Records from a data source:

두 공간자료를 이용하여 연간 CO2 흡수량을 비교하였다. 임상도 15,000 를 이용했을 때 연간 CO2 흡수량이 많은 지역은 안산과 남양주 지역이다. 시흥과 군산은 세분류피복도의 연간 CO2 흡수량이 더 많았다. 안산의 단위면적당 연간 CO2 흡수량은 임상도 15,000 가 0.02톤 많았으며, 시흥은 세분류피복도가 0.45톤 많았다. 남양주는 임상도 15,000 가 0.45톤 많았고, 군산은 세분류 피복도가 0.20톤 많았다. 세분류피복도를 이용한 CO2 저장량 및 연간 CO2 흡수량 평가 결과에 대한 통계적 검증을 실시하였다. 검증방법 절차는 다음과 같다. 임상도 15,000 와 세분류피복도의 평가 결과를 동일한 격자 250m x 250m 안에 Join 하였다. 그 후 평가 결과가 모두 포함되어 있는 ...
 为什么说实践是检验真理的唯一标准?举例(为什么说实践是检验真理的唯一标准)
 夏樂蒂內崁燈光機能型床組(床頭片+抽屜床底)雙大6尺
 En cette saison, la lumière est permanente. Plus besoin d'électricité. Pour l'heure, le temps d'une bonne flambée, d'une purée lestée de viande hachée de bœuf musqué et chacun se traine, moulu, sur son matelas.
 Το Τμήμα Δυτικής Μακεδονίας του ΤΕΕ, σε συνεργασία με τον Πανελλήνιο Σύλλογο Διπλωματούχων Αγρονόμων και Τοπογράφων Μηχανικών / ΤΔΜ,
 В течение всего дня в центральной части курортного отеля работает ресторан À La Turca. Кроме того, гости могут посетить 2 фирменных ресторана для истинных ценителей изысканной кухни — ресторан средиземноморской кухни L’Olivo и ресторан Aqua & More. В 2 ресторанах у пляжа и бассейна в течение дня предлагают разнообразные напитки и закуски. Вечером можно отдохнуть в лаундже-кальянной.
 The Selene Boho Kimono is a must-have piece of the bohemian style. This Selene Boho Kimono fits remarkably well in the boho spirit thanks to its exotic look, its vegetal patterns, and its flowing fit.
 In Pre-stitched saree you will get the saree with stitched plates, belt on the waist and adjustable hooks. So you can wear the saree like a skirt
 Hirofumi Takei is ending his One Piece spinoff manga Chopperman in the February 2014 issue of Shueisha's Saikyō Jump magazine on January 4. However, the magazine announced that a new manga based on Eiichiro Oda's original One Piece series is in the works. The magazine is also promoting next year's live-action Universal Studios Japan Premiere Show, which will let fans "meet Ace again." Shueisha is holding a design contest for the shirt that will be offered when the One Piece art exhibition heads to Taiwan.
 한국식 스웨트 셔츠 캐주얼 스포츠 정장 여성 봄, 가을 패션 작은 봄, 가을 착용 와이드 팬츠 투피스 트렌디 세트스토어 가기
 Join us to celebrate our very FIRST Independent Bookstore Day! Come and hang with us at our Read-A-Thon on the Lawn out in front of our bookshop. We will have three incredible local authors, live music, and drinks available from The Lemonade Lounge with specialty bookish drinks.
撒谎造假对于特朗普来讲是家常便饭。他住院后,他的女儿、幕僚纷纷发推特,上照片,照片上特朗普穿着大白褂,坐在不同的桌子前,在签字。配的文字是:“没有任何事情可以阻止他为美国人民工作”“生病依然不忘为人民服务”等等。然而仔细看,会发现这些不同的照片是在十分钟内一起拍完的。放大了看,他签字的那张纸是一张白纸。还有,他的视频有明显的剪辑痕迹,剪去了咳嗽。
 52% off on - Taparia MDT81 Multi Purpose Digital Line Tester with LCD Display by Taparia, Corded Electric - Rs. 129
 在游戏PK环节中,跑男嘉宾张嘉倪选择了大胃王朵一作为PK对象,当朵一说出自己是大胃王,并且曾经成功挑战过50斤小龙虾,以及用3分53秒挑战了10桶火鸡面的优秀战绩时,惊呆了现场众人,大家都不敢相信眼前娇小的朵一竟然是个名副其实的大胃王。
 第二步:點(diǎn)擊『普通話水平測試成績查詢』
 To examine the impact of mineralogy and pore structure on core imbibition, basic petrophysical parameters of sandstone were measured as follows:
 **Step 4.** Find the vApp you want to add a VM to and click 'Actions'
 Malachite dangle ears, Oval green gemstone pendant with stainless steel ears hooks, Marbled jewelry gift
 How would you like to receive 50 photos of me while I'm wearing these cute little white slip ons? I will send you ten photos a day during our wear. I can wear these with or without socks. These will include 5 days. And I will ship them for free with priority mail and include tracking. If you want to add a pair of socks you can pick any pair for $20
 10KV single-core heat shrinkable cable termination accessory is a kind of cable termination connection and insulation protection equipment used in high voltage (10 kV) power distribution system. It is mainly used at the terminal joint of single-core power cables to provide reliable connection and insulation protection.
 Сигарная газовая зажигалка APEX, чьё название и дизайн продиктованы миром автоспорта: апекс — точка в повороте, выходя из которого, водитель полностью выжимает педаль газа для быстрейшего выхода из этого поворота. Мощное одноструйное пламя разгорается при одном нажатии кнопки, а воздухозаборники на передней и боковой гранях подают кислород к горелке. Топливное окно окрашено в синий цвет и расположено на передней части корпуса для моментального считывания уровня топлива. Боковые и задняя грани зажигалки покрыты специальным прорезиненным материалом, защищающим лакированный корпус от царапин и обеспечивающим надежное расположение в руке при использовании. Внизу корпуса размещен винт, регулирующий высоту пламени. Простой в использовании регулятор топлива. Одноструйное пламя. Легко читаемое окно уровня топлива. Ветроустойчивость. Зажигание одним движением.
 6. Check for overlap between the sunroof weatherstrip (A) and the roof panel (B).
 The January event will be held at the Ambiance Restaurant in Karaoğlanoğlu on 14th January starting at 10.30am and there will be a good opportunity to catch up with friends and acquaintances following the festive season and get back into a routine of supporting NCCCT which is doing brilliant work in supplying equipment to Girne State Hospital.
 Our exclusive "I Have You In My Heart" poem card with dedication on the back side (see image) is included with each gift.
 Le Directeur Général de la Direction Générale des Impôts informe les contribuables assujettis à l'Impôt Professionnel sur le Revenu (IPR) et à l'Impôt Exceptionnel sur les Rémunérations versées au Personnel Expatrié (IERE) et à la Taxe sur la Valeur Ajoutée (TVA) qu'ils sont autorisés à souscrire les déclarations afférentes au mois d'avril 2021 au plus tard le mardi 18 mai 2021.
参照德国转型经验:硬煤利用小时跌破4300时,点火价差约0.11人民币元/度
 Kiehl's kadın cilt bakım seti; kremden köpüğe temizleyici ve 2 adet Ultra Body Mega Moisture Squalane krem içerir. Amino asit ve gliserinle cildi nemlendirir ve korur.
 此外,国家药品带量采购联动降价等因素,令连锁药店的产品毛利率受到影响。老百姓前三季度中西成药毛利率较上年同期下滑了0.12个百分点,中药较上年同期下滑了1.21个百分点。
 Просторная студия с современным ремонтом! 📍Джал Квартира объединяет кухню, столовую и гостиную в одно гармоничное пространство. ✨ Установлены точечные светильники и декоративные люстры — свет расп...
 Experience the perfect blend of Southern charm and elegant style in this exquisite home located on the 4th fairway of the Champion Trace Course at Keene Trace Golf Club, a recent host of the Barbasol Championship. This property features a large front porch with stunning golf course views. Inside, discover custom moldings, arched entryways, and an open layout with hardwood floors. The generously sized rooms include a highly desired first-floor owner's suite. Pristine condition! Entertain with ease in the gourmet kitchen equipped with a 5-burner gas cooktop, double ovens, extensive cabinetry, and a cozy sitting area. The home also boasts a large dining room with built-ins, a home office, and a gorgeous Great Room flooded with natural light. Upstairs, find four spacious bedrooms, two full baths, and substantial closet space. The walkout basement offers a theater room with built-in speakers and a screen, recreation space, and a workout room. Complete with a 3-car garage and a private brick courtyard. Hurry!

→ **Instructions for the task**
Only a number is wanted here: how many lines above hold the string "back"?

→ **Solution**
2